Hello
I'm trying to use Bio:: DB::Sam to get list of reads covering certain position .Sam file using pileup method using this code
use strict;
use warnings;
use Bio::DB::Sam;
`samtools view -Sb $ARGV[0].sam > $ARGV[0].bam`;
`samtools sort $ARGV[0].bam $ARGV[0].sorted`;
`mv $ARGV[0].sorted.bam $ARGV[0].bam`;
`samtools index $ARGV[0].bam`;
my $sam = Bio::DB::Sam->new(
-bam => "$ARGV[0].bam",
-fasta => "$ARGV[1]",
);
my $callback = sub {
my ($seqid,$pos,$p) = @_;
if ($pos eq "1240") {
for my $pileup (@$p) {
my $b = $pileup->alignment;
print $b->qname,"\n";
}
}
};
$sam->pileup("GBA",$callback);
exit;
So this code only get names of reads which cover position 1240 in reference from $ARGV[0].sam
file. The problem is that the output list of read names is definitely not complete. I.e. pileup ignores some reads.
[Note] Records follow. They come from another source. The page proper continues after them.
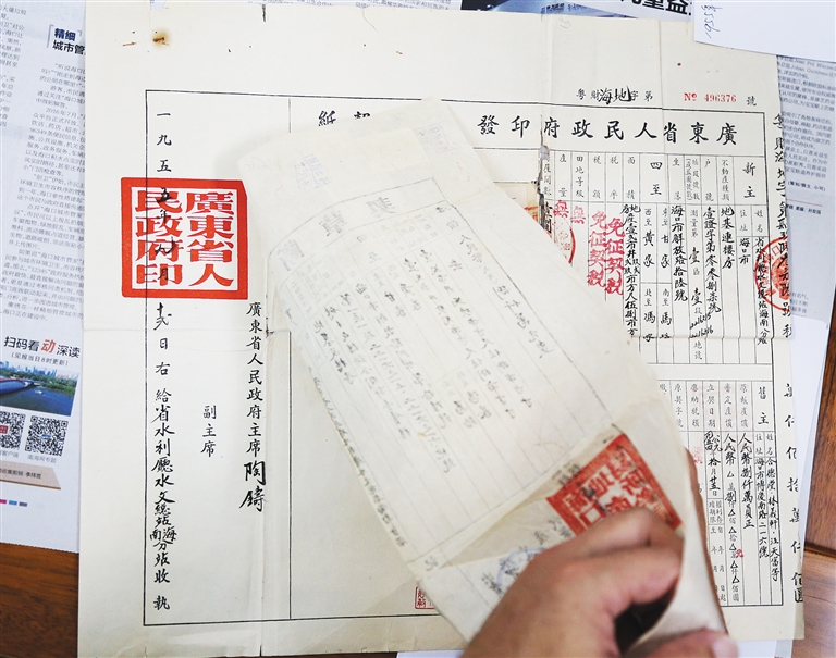 “当时海南还没有建省,属于广东省,所以契纸是广东省人民政府印发的。”宋静敏指着泛黄且带有折痕的契纸介绍说。契纸上,写着“一九五三年十月拾壹日右给合德堂林义轩等”,红色方形的广东省人民政府印中正地盖在竖体字日期上,落款是时任广东省政府主席叶剑英。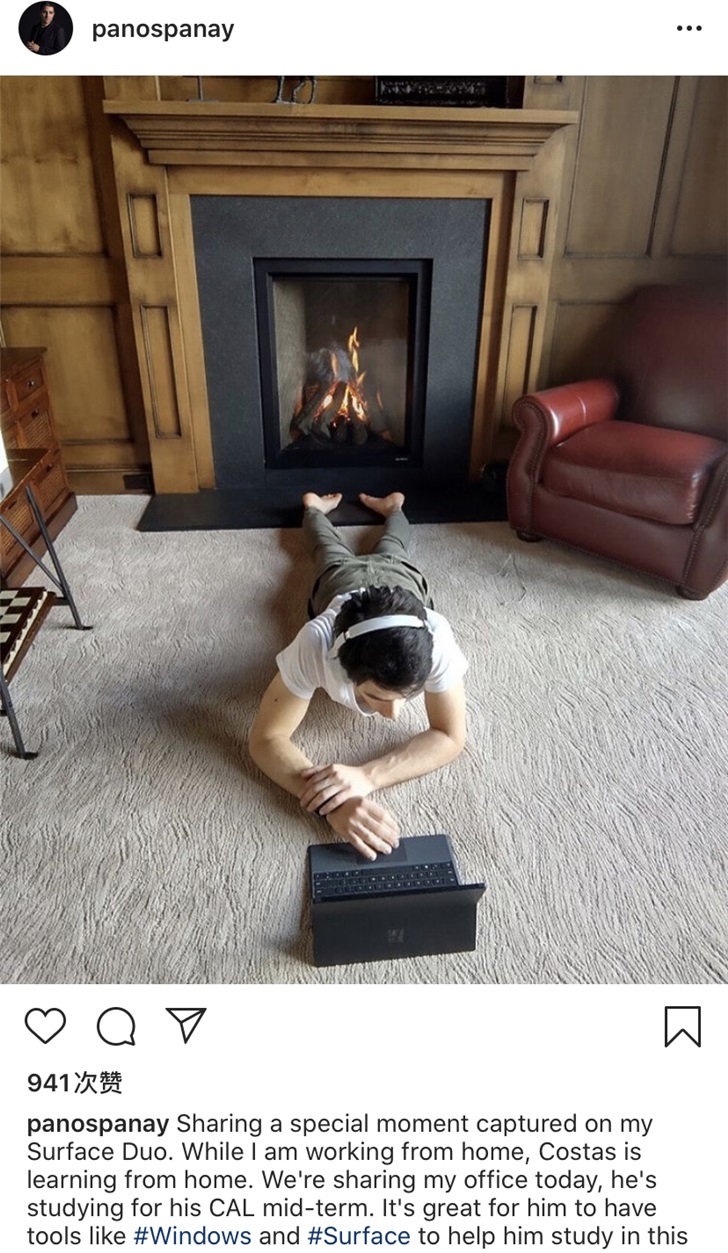 據了解,Panos Panay分享的實拍內容為自己的家人在家中學習的場景,從圖中可以看出其在使用微軟Surface Pro與一款Surface耳機。同時Panos Panay表示自己的家人在Surface系列產品的幫助下可完美地完成在線學習的任務。不過由于Panos Panay是通過instagram共享的這張照片且有一定的壓縮,尚無更多有關這張照片的具體參數信息曝光。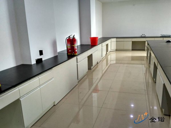 实验台安装之前先检查地面是否平整,根据柜体底部调整脚的高度,将调整脚旋转到距地面5mm的距离,然后按照图纸将柜体摆放准确,通过顶表观察其是否平衡,如果不平衡,将水平尺放置在实验台表面,一边调整柜底脚,一边参照水平尺直至调整平衡。柜体边沿齐置后用螺丝或带螺帽栓连结起来。连结时注意表面是否平整,有无凹凸,每个调整脚都要着地,以便能承受重力。再将侧封板固定好后便可进入台面地安装。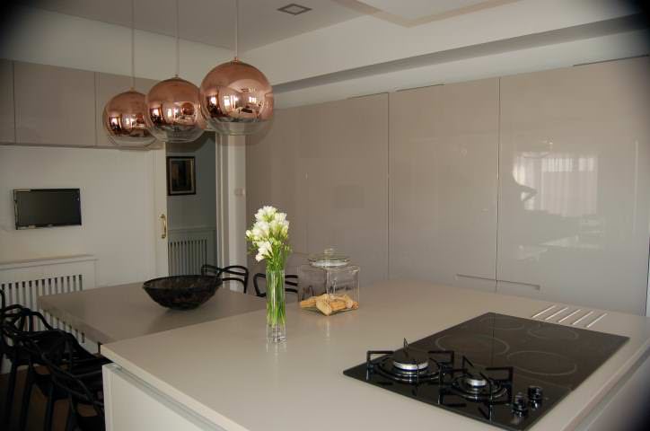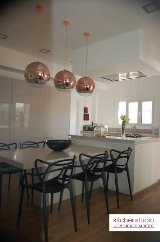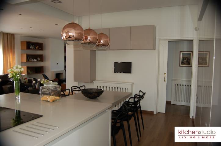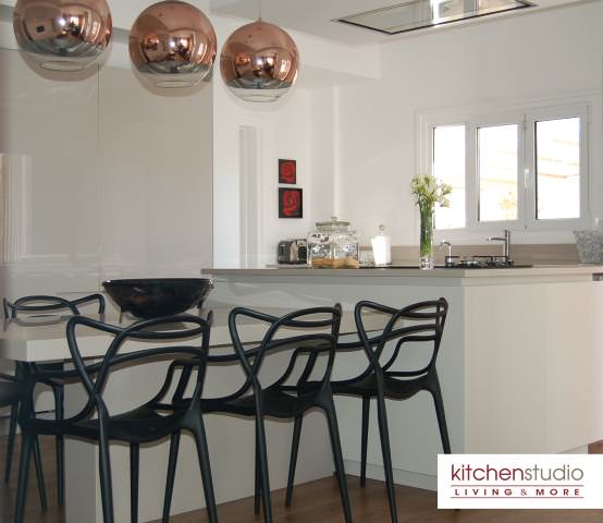 Modernism meets Innovation, in this beautiful house in Larnaca. The kitchen project developed by our interior design team is characterized with an uncluttered innovative design that is a combination of Gruppo Euromobil inspired styles, Asim and Filo. The Asim models add functionality in the kitchen area with the exclusive handle asymmetric and with the M35 Pull & Side Door system that are considered to be the main marks of originality. Additionally, the Filo Escape inspired surfaces in cashmere color contribute to the contemporary style of the kitchen fitting harmoniously with the wooden floor. Kartell’s black themed Master Chairs and Moon Bowl in smoke color come to complete the aesthetically result, conveying the essence of modernism.

Trying to find the root of problem I analyzed reads which alignment starts from position 1209 (just for example) and found that only the first N of such reads assessed by pileup and the last M of reads are ignored. But after those not ignored N reads it doesn't ignore all reads starting from other positions (i.e. 1150,1048,1231 and any others). So as i understand the problem must be in some kind of sorting, but I haven't found any information about sorting should be done in manual and I actually do sort .bam file.
Also I found that using $sam->pileup("GBA:1239-1241",$callback)
instead of $sam->pileup("GBA",$callback)
makes another list of reads, which differs from the previous, but I could found any logic in these differences
So what's wrong?